TASK PROMPT
In the entries that follow, repeat exactly the lines from the one that has "L’Union syndicale Solidaires apporte" through the one that has "考试视频 本站小编 免费考研网", but omit pictures.

EXTRACTED RECORDS
'''
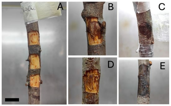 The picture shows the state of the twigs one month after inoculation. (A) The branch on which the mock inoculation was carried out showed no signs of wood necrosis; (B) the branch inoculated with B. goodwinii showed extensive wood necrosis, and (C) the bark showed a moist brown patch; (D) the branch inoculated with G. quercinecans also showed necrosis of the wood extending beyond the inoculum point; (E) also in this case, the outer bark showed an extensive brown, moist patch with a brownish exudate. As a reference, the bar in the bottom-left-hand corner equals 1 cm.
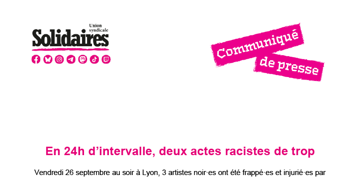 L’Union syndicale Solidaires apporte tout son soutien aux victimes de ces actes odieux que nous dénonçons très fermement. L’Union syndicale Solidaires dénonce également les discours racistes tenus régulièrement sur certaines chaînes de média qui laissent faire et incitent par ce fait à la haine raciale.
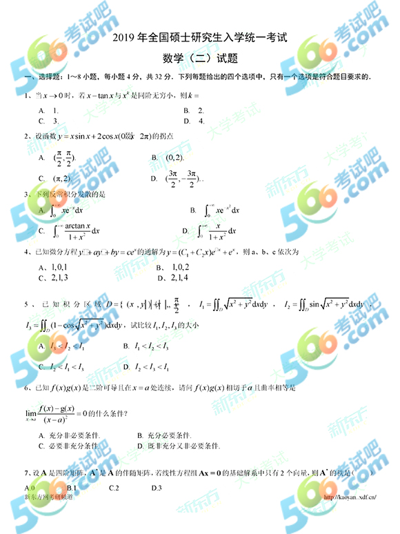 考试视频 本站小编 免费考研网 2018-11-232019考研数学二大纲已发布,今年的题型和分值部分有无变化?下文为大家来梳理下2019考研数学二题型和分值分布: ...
'''
'''
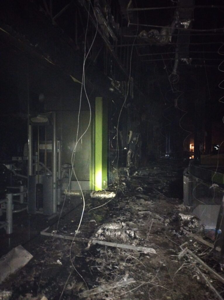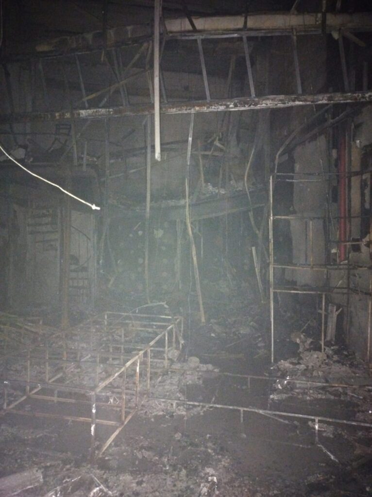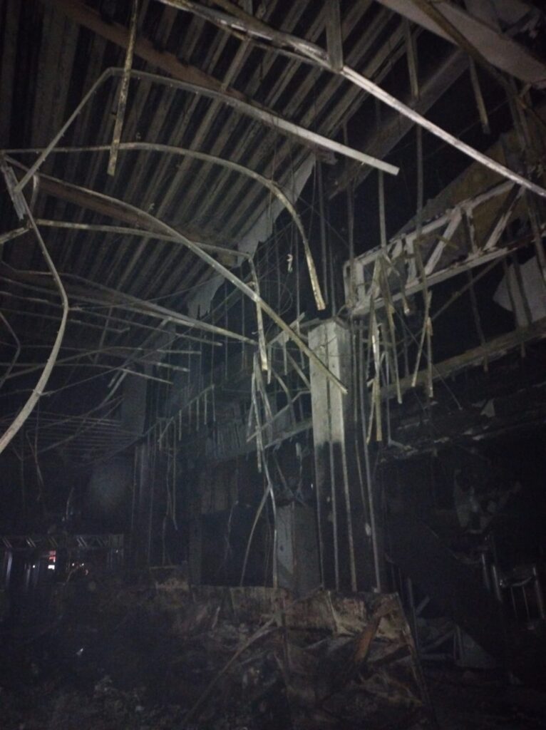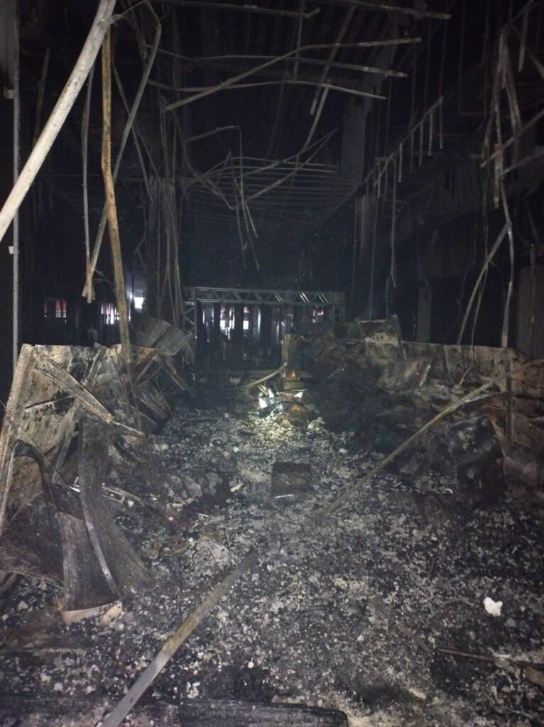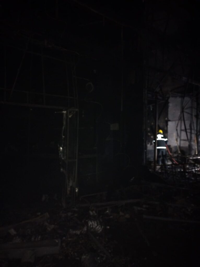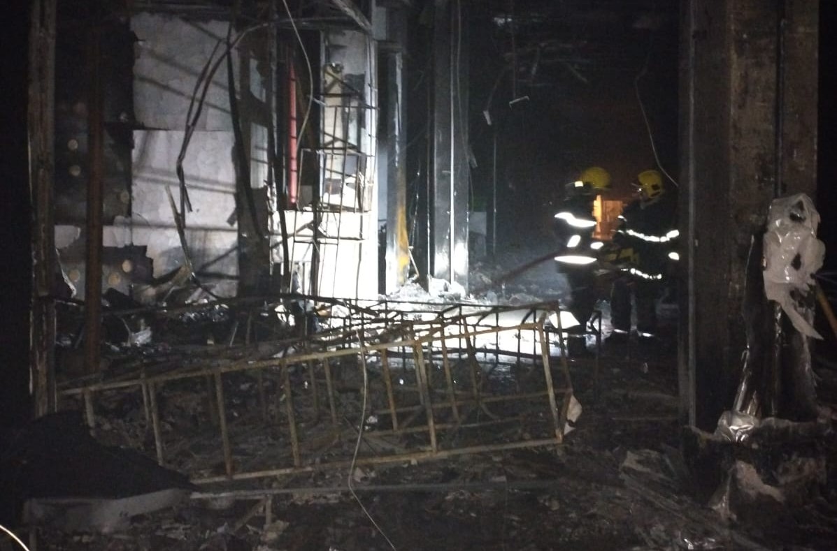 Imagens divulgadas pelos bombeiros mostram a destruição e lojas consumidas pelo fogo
'''
TASK RESULT
 L’Union syndicale Solidaires apporte tout son soutien aux victimes de ces actes odieux que nous dénonçons très fermement. L’Union syndicale Solidaires dénonce également les discours racistes tenus régulièrement sur certaines chaînes de média qui laissent faire et incitent par ce fait à la haine raciale.
 考试视频 本站小编 免费考研网 2018-11-232019考研数学二大纲已发布,今年的题型和分值部分有无变化?下文为大家来梳理下2019考研数学二题型和分值分布: ...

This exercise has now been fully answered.